Author:Jessica Robbins-Ruszkowski (Wayne State University)
Paper short abstract:
As a recent anthropology Ph.D., my jobs thus far have largely been in interdisciplinary fields that share some of anthropology’s topical concerns, if not theoretical orientations. This paper offers reflections on forging an interdisciplinary career path while practicing a critical anthropology.
Paper long abstract:
As a sociocultural and medical anthropologist who recently received my Ph.D., thus far my career prospects have been equally strong in interdisciplinary fields (e.g., bioethics, public policy, gerontology) as in anthropology itself. These fields share some of anthropology's topical concerns, if not its theoretical orientations. Interdisciplinary conversations have required me to frame my research questions and findings in language that is accessible to scholars with diverse intellectual backgrounds and urged me to think about the practical implications of my work. I welcome these opportunities as productive challenges that improve my work both empirically and theoretically and help me to see its relevance to broader intellectual and policy conversations. In these interdisciplinary contexts, however, I often struggle to maintain and translate anthropology's critical theoretical perspectives and the nuanced insights of ethnographic work.

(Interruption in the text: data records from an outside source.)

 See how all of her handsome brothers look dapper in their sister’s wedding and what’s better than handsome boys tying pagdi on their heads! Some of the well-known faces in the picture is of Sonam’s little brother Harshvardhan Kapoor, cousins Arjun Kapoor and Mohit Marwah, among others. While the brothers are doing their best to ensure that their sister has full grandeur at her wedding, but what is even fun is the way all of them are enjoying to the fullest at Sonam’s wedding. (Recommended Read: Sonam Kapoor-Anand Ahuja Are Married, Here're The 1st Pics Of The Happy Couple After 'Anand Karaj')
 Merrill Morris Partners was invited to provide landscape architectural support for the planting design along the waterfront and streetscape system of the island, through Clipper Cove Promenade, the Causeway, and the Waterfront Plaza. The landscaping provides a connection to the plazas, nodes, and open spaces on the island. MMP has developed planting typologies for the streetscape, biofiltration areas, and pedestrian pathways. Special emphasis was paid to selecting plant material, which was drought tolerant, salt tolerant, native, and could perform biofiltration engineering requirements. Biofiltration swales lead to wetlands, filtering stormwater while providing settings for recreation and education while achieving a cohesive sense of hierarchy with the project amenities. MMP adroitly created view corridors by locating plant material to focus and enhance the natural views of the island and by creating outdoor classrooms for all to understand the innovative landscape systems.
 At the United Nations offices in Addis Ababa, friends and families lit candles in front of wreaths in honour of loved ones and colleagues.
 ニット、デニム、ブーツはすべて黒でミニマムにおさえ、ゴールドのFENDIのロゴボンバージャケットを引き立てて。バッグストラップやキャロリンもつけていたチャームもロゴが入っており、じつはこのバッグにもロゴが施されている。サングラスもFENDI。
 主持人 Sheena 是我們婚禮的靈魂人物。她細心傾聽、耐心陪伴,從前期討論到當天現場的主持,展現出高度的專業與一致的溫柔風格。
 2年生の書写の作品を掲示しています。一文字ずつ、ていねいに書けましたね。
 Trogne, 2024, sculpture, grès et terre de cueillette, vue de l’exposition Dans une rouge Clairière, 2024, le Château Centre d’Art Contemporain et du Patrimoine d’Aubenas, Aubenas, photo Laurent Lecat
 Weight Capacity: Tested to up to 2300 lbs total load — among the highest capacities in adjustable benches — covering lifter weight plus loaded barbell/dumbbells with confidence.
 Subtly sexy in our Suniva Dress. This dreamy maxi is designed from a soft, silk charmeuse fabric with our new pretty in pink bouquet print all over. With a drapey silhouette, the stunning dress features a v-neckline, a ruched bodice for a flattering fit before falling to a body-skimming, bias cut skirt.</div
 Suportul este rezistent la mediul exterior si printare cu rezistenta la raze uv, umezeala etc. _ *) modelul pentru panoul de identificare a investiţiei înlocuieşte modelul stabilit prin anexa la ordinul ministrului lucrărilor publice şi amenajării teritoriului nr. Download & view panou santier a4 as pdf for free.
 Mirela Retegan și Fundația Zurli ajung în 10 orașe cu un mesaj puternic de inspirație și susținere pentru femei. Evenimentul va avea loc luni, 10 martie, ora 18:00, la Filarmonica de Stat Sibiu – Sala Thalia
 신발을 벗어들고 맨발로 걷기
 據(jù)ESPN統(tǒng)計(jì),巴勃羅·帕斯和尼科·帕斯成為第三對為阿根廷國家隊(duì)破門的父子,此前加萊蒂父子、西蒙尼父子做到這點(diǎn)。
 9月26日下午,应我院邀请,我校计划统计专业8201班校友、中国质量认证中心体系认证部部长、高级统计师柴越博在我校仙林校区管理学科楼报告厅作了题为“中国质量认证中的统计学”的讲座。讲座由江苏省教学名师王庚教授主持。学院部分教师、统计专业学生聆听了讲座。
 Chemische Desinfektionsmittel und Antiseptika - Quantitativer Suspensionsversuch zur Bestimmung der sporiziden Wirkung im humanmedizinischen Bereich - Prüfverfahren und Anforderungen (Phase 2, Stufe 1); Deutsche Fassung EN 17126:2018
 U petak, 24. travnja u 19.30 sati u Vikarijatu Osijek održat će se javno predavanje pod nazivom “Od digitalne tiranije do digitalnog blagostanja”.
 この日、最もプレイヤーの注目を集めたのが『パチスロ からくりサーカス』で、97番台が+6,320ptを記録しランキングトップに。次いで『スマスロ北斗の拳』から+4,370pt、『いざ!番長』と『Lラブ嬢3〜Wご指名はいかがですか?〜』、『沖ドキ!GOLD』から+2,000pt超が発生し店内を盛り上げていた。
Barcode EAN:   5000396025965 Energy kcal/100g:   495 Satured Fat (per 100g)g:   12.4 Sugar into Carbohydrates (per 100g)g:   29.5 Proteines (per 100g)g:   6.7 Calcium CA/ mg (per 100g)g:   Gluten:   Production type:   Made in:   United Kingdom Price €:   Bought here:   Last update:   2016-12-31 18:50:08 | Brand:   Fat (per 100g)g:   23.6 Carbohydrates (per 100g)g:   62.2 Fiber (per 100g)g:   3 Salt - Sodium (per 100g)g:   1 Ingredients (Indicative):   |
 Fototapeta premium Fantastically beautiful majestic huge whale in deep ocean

In this paper, I will offer reflections on my experiences of creating a career path that crosses disciplinary lines, but maintains the distinctive critical and complex perspectives that characterize anthropological and ethnographic research. I will draw on twenty months of ethnographic fieldwork on aging in educational and medical institutions in Wrocław and Poznań, Poland; job interviews with bioethicists and gerontologists; and research conversations with political scientists, historians, psychologists, and gerontologists. This analysis of ethnographic fieldwork and interdisciplinary academic experience works against the domaining tendency that remains common within academia, yet also takes seriously the epistemological challenges presented by translating anthropological insights to other contexts.